• Problem:
Please output the lines from the one with "Strapless Ombre Sequin" through the end of the data exactly as written, omitting all pictures.

Entries taken from a collection:
===============
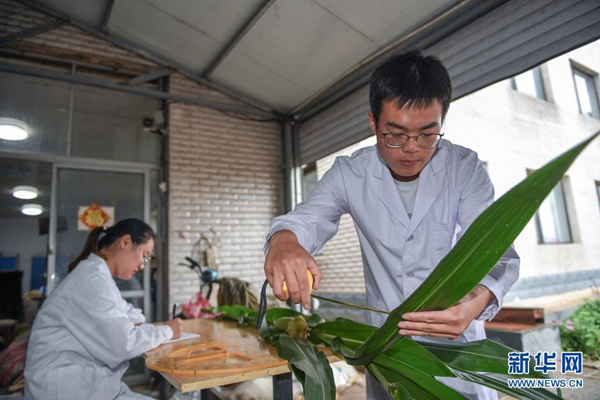 8月2日,在吉林省梨樹縣四棵樹鄉(xiāng)三棵樹村“科技小院”,中國農(nóng)業(yè)大學博士研究生沙野(右)和在讀碩士郭雯清測量、記錄玉米植株樣本。
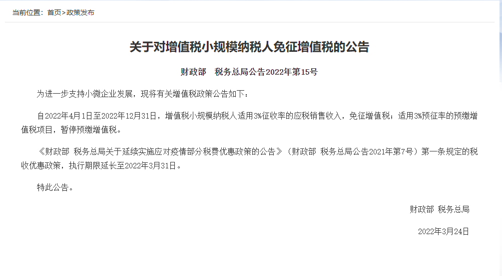 關(guān)于對增值稅小規(guī)模納稅人免征增值稅的公告
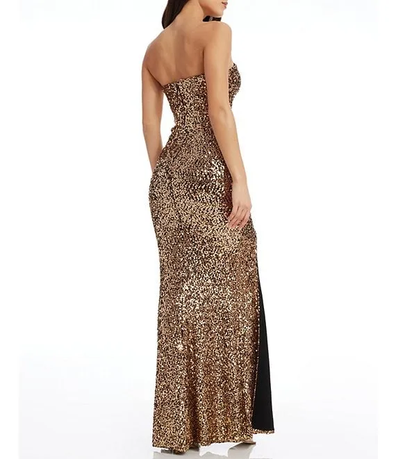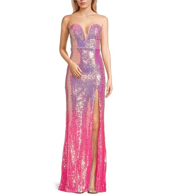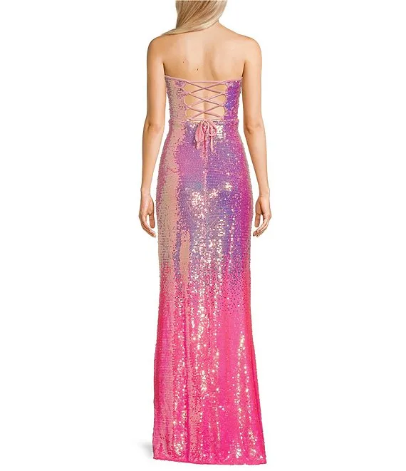 Strapless Ombre Sequin Lace-Up Back Front Slit Long Dress
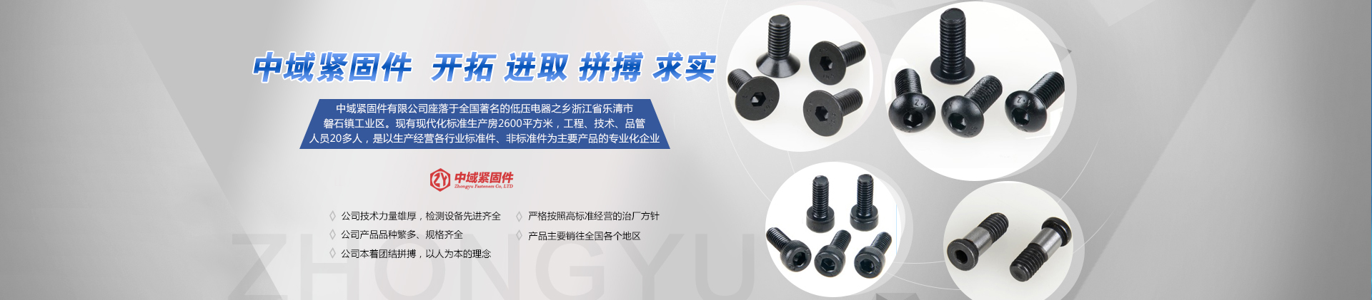 浙江中域緊固件有限公司創(chuàng)辦于2009年,現(xiàn)有現(xiàn)代化標(biāo)準(zhǔn)生產(chǎn)房3000平方米,工程、技術(shù)、品管人員20多人,是以生產(chǎn)經(jīng)營(yíng),各行業(yè)標(biāo)準(zhǔn)件、非標(biāo)準(zhǔn)件為主要產(chǎn)品的專(zhuān)業(yè)化企業(yè)。大規(guī)模化生產(chǎn)各種非標(biāo)高強(qiáng)度內(nèi)六角10.9級(jí)12.9級(jí)8.8級(jí)螺釘、現(xiàn)貨發(fā)黑藍(lán)白DIN7991平杯、ISO7380圓杯,DIN912杯頭。7380.2帶墊圓杯,并可按客戶(hù)要求生產(chǎn)及設(shè)計(jì)
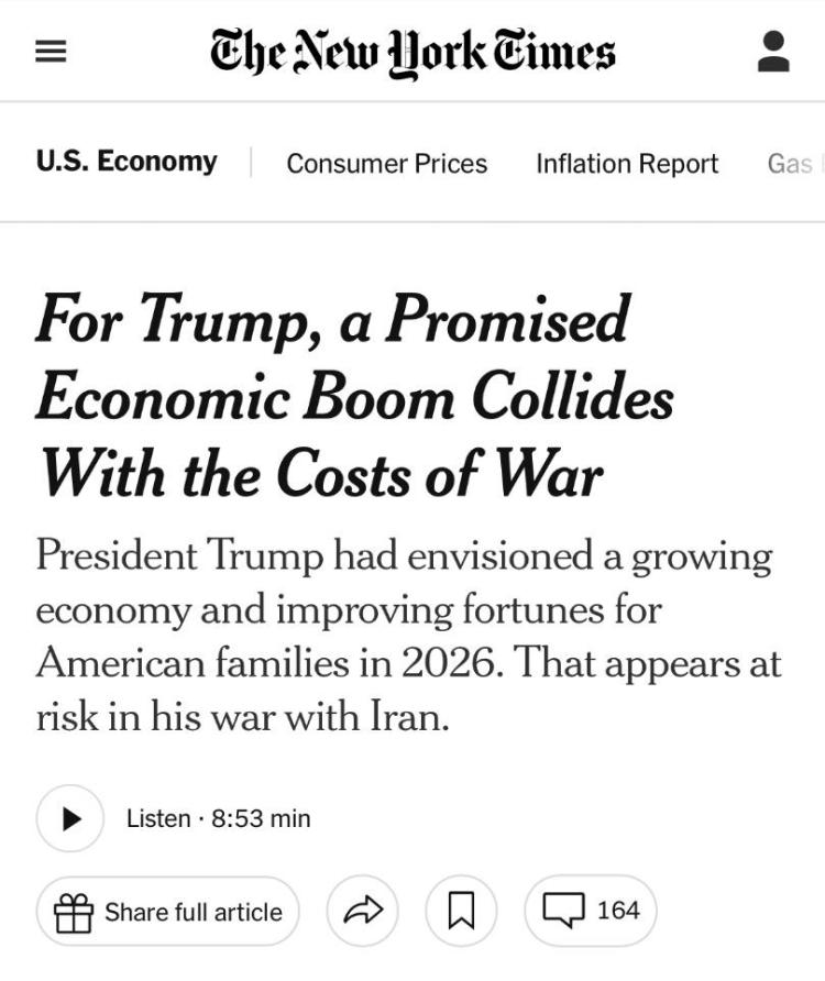 文章说,新年伊始,美国经济似乎正朝着美国政府期望的方向发展:股市表现强劲,物价开始趋于稳定。但这一切都发生在对伊朗发动战争前。如今,特朗普政府亲手颠覆了自己对国家经济轨迹的愿景,在中期选举前几个月制造了一系列新的风险。
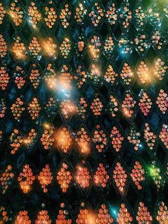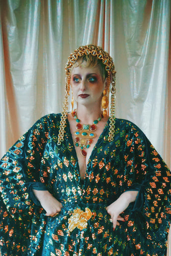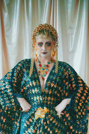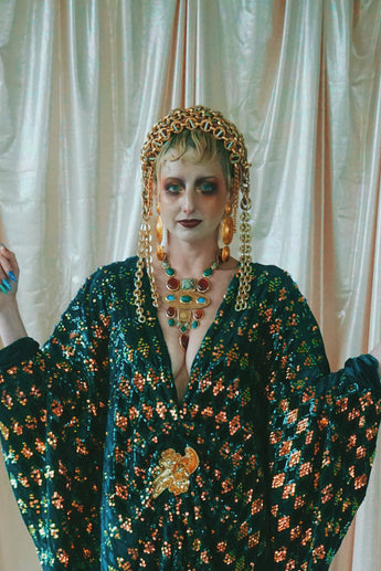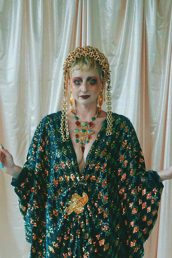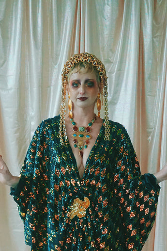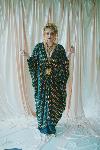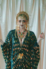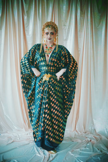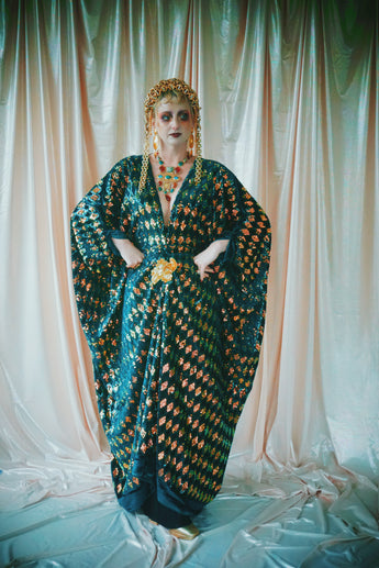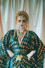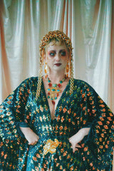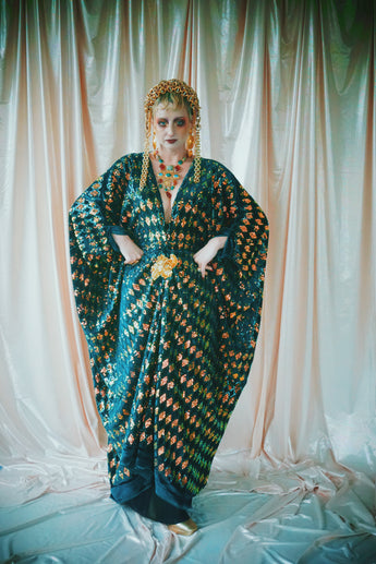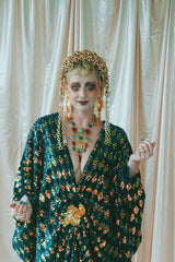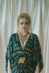 Green velvet base smothered in sequins in our deep plunge Batwing Plunge Kaftan Ruched Dress style with hidden ribbons (No split up front)
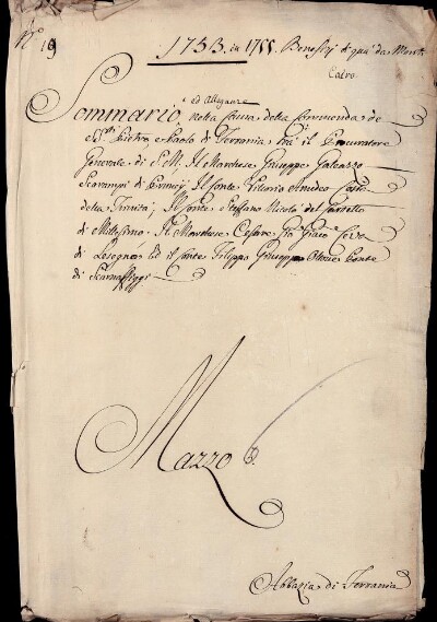 Sommario, ed alleganze nella causa della Commenda de' SS. Pietro, e Paolo di Ferrania trà il Pro.re g.n.ale di S.M., il Marchese Giuseppe Galeazzo Scarampi di Pruney, il Conte Vittorio Amedeo Costa della Trinità, il Conte Steffano Niccolò del Caretto di Millesimo, Il March.e Cesare Gio. Giacomo Ceva di Lezegno, ed il Conte Filippo Giuseppe Ottone Ponte di Scarnafiggi. 1753 in 1755
===============
• Answer to this task:
 Strapless Ombre Sequin Lace-Up Back Front Slit Long Dress
 浙江中域緊固件有限公司創(chuàng)辦于2009年,現(xiàn)有現(xiàn)代化標(biāo)準(zhǔn)生產(chǎn)房3000平方米,工程、技術(shù)、品管人員20多人,是以生產(chǎn)經(jīng)營(yíng),各行業(yè)標(biāo)準(zhǔn)件、非標(biāo)準(zhǔn)件為主要產(chǎn)品的專(zhuān)業(yè)化企業(yè)。大規(guī)模化生產(chǎn)各種非標(biāo)高強(qiáng)度內(nèi)六角10.9級(jí)12.9級(jí)8.8級(jí)螺釘、現(xiàn)貨發(fā)黑藍(lán)白DIN7991平杯、ISO7380圓杯,DIN912杯頭。7380.2帶墊圓杯,并可按客戶(hù)要求生產(chǎn)及設(shè)計(jì)
 文章说,新年伊始,美国经济似乎正朝着美国政府期望的方向发展:股市表现强劲,物价开始趋于稳定。但这一切都发生在对伊朗发动战争前。如今,特朗普政府亲手颠覆了自己对国家经济轨迹的愿景,在中期选举前几个月制造了一系列新的风险。
 Green velvet base smothered in sequins in our deep plunge Batwing Plunge Kaftan Ruched Dress style with hidden ribbons (No split up front)
 Sommario, ed alleganze nella causa della Commenda de' SS. Pietro, e Paolo di Ferrania trà il Pro.re g.n.ale di S.M., il Marchese Giuseppe Galeazzo Scarampi di Pruney, il Conte Vittorio Amedeo Costa della Trinità, il Conte Steffano Niccolò del Caretto di Millesimo, Il March.e Cesare Gio. Giacomo Ceva di Lezegno, ed il Conte Filippo Giuseppe Ottone Ponte di Scarnafiggi. 1753 in 1755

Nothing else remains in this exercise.